- [Action item] Your answer must be an exact copy of the data, without any pictures.

- [Information shown]
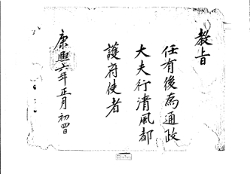 고문서-교령류-차첩 정치·행정-임면-차첩 110책 제주 어도 진주강씨·조천 김해김씨·구좌 동래정씨 고문서-고문서-진주강씨-강수황 후손가-교령류-차첩 차첩(差帖) -09 제주목사 김수익 1667 제주특별자치도 제주시 애월읍 봉성리 110 고문서 진주강씨 교령류 차첩 -
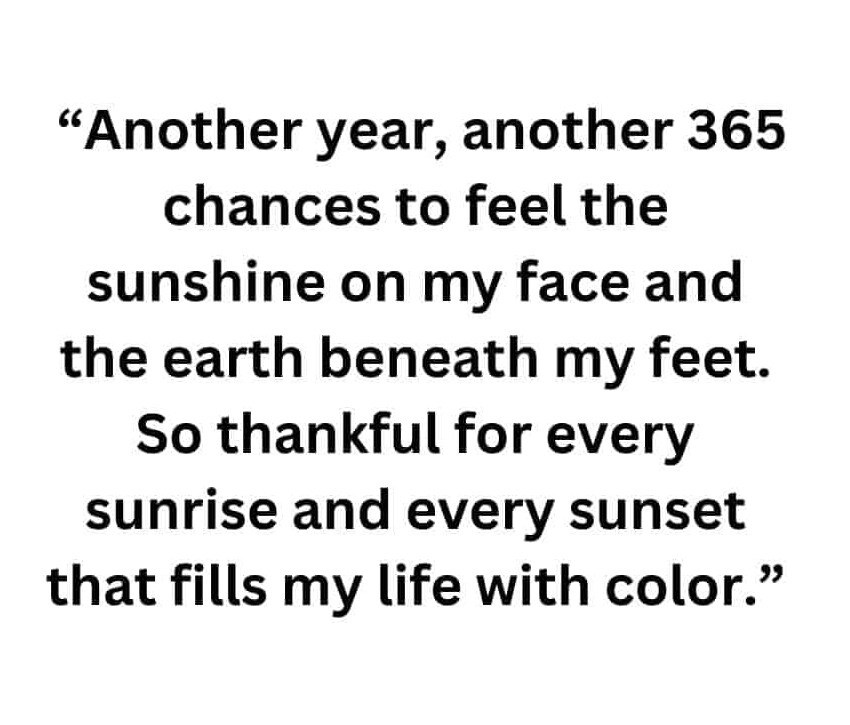 “Another year – maybe – another 365 chances – to feel the sunshine on my face – and the earth beneath my feet – to be thankful for every sunrise – and every sunset – that fills my life with colour”.
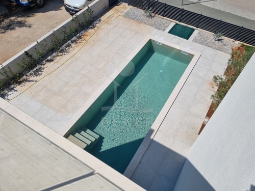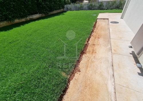 Die 150 m² große Gartenfläche bietet viel Platz für Bewegung, Spiel oder einfach zum Entspannen. Im Zentrum steht ein 24 m² großer Pool mit hell gefliestem Rand, eingerahmt von Olivenbäumen und gepflegtem Rasen. Die Terrasse im Erdgeschoss schließt direkt an den Wohnbereich an. Hier verschmelzen Innen und Außen. Ideal für Frühstück an der Sonne oder lange Abende mit Freunden.

- [Solution to this task]
 고문서-교령류-차첩 정치·행정-임면-차첩 110책 제주 어도 진주강씨·조천 김해김씨·구좌 동래정씨 고문서-고문서-진주강씨-강수황 후손가-교령류-차첩 차첩(差帖) -09 제주목사 김수익 1667 제주특별자치도 제주시 애월읍 봉성리 110 고문서 진주강씨 교령류 차첩 -
 “Another year – maybe – another 365 chances – to feel the sunshine on my face – and the earth beneath my feet – to be thankful for every sunrise – and every sunset – that fills my life with colour”.
 Die 150 m² große Gartenfläche bietet viel Platz für Bewegung, Spiel oder einfach zum Entspannen. Im Zentrum steht ein 24 m² großer Pool mit hell gefliestem Rand, eingerahmt von Olivenbäumen und gepflegtem Rasen. Die Terrasse im Erdgeschoss schließt direkt an den Wohnbereich an. Hier verschmelzen Innen und Außen. Ideal für Frühstück an der Sonne oder lange Abende mit Freunden.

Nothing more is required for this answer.